Just a logs parser with grep and perl

A tool to parse generic logs (originally Fuel for OpenStack logs) collected via diagnostic tools, or stored live on servers, or stored at logs aggregation servers' /var/log/node-{foo,bar,baz} directories, or the like. Logged events are normally processed as the following:

• filtered (grep -HEIr) from sources living in the $pwd, like directories representing nodes sending logs remotely, or just /var/log/ subdirs;
• then magic mutators applied, like decoding timestamps for autdit denials, or transforming python-ish timestamps into rfc3339 looking-like format;
• then sorted by its timestamps (rfc3164 or rfc3339-ish),
• finally, a from/to ranges applied, if requested.

Use -h key to get some help.

Examples for generic logs parsing exercises

Get all MySQL related events and sort by the timestamp, limit results collected from 2015-11-11T09:38:36 to 2015-11-11T09:58:25 (rfc3339):

$ ./fuel-log-parse.sh -s "MySQL|sql" -f 2015-11-11T09:38:36 \
    -t 2015-11-11T09:58:25 | less

Get all known-to-be-faily events (hereafter, just 'errors') from all sources, but not from foo and bar:

$ ./fuel-log-parsh.sh -x "foo-component|bar-component"

Search for errors with a given source-matching pattern (applied for source directories' names). Looks for events logged only with rfc3164 timestamps. Also, translates 'avc: denied' audit events with a mutator (gives no source tags, like node names!):

$ ./fuel-log-parsh.sh -n "node[0-9]+" -rfc3164

Parse for errors from all sources and for all ansible PLAY/TASK events. Mutate a python-ish timestamps into something looking more rfc3339-ish (a mutator). Hide tracebacks:

$ ./fuel-log-parse.sh -n ".*"

Examples for Tripleo CI (OpenStack infra) logs

There is a getthelogs (maintained locally as of now) tool for downloading Tripleo CI jobs' logs. It recursively fetches the most important logfiles, like those from the undercloud/home/jenkins, /var/log, /subnode-*/var/log, overcloud*/var/log locations, and the console.html file (zuul v2), and it works with zuul v3 also.

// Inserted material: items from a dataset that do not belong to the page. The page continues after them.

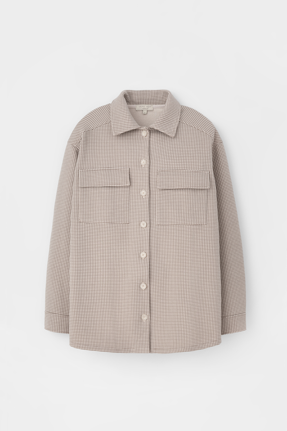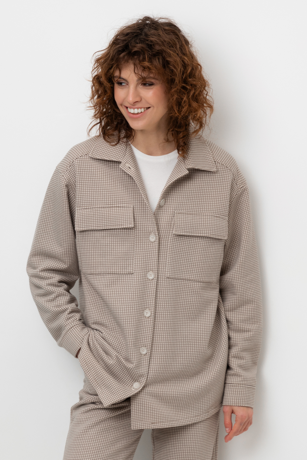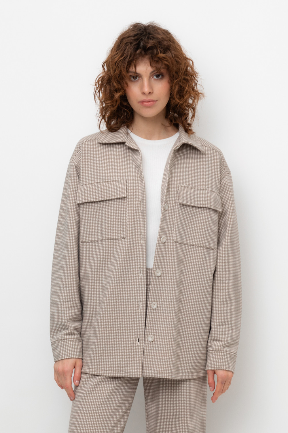 Уютная трикотажная рубашка с отложным воротником и накладными карманами с клапанами из петельчатого футера трёхнитки. В составе 80% натурального хлопка и 20% полиэстера, при этом полиэстер ввязан внутрь по особой технологии и не соприкасается с кожей. Свободная посадка и спущенные плечи придают рубашке модный объём. Застёгивается спереди на пуговицы.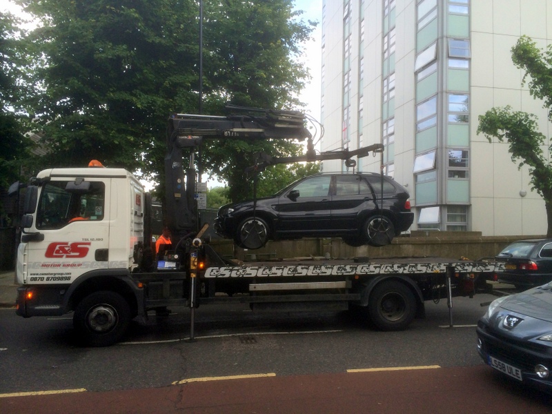 Driving would have had its own problems, anyway. This car is being towed by lifting straight up from where it was parked and then lowering it down onto the truck bed. We were standing there staring and taking pictures - hopefully the car owner wasn't watching.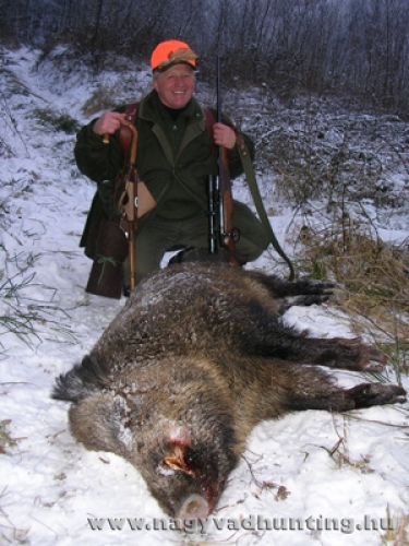 Be honest, which hunter does not dream of a winter evening or even a winter night? Especially, if he/she could enjoy such beautiful sight to behold, as shown on this photo and give a big tusker the traditional hit-break. Wild-boars are the favourites among our hunters, but not everybody can afford a kill of a tusker with really big tuskers. In the recent 22 years I have learned that to most of my guest - an advance guaranty of the invoiced amount is very important. This is also the reason, why I have (similar to the boar-hunts in the summer) compiled a very affordable wild-boar package for the winter (does not include game with antlers).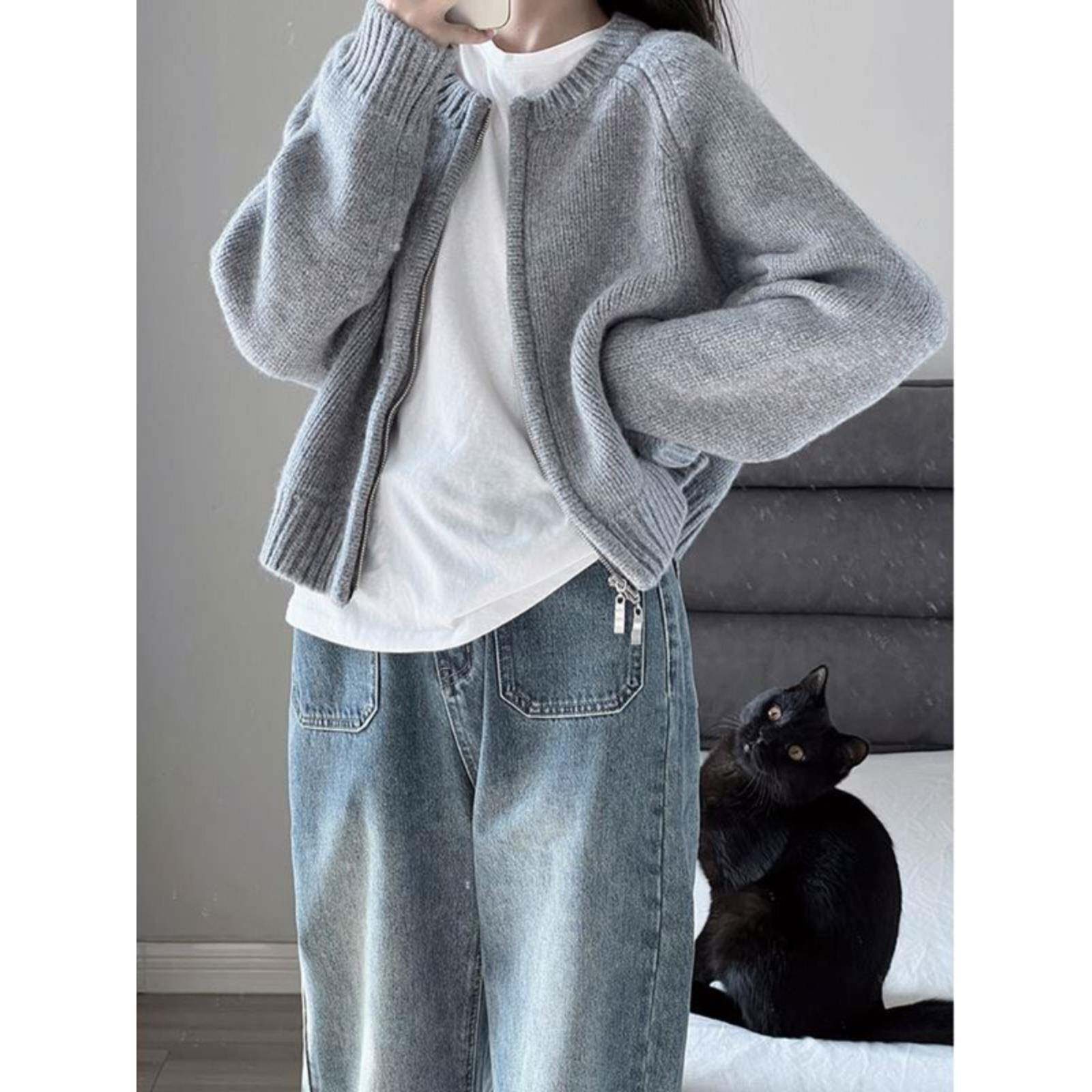 蓝色毛衣外套女针织开衫学生国潮牌秋冬外穿拉链上衣通勤卫衣加厚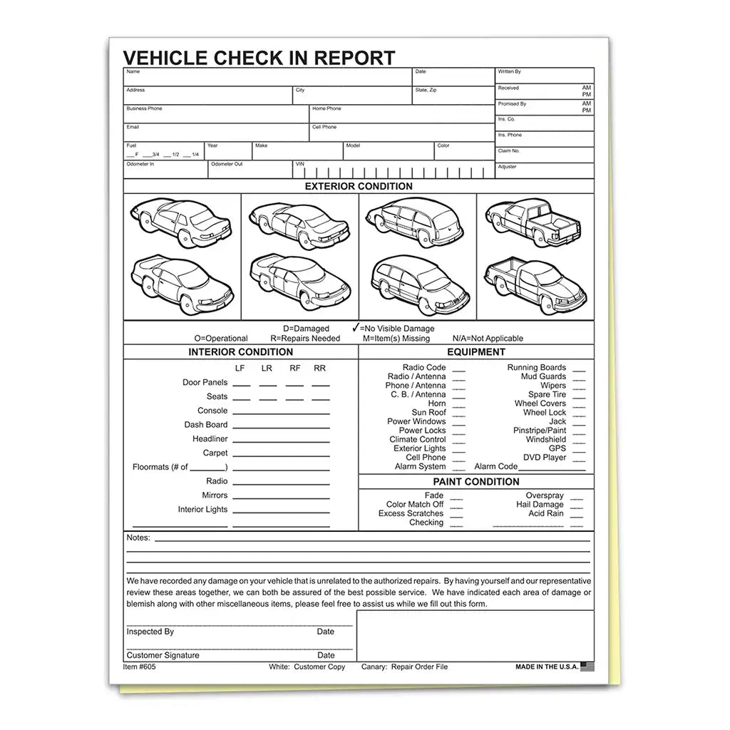 Protect your business from liability and ensure accurate vehicle condition tracking with our Vehicle Check-In Report. This form provides a clear and organized way to document any existing damage before servicing a vehicle, helping you avoid disputes and maintain transparency with customers.

Example that shows only errors, rfc3164 formatted, plus avc (audit) events decoded with a magic mutator:

$ getthelogs http://logs.openstack.org/<cryptic-stuff>/<gate-name>/<job-id-hash>
$ fuel-log-parse -n ".*" -rfc3164

Note that avc events have no source info provided, but there is a log file path given at very least. Use -rfc3164 to see avc events decoded, this mutator doesn't work with default -rfc3339.

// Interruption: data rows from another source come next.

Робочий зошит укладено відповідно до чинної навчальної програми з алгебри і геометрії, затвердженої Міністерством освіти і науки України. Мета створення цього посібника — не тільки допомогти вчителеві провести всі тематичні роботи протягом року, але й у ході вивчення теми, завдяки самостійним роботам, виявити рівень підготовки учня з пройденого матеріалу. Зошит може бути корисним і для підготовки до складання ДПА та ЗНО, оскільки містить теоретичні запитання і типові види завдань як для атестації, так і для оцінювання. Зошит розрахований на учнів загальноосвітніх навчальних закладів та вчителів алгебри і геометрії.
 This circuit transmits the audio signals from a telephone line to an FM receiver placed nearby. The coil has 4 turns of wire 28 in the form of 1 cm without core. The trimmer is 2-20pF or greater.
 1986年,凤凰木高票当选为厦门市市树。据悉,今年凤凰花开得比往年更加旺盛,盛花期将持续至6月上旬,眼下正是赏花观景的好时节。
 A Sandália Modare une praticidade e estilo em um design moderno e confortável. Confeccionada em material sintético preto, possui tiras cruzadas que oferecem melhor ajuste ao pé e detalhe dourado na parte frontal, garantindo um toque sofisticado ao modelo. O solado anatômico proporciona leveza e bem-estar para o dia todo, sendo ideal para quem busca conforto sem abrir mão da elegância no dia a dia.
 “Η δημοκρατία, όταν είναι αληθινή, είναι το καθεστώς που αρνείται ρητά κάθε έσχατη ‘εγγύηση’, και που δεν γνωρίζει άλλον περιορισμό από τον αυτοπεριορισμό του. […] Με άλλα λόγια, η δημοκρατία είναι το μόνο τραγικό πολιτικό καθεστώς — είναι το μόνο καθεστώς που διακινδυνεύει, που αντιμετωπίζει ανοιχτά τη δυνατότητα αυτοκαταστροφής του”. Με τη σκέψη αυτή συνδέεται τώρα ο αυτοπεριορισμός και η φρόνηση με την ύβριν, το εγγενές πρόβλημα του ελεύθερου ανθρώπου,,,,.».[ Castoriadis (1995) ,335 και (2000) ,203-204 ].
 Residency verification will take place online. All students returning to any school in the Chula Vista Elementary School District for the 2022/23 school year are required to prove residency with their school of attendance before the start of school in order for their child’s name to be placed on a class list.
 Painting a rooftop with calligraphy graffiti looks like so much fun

Another example hides names of executed ansible tasks, finds errors for all of the mutatable python-ish/rfc3339 formatted events. Another magic mutator adds extracted rfc3339 timestamps, if any available from events originally logged with rfc3164 format (just checks if there is time="<stamp>" in messages). It also drops ugly, long, multiline messages logged by ansible, heat, mistral and the like JSON-lovers:

$ fuel-log-parse -x "TASK|PLAY|INFO|\\\"" -n ".*"

Note, it can't sort rfc3164 (Mar 22 13:34:08) time among with py/rfc3339 format. Use another command to inspect with -rfc3164.

Also note that those ugly multiline JSON events might be an only source for tricky errors hiding in, sitting in the middle of a kilometer-length message. Just keep that in mind, if filtering them out. You may want to come back to inspect them later as well.

OpenStack Elastic-Recheck verified/known patterns

There is a list of known/proved to be faily elastic-recheck query patterns. A pattern is considered faily, when the elastic-recheck-query check shows build_status > 80% FAILURE for it. F.e. the 'Permission denied' pattern is a highly faily (87% FAILURE).

Instead, a non faily pattern would show more than a 50% SUCCESS rate or ~50/50. Like a notorious "MessagingTimeout: Timed out waiting for a reply" message. Those non faily patterns are collected under the script's echeck_verified_ignore var. And can be runtime filtered out from search results with the command line argument -echeck. Note, those will be added to the default list of dropped patterns.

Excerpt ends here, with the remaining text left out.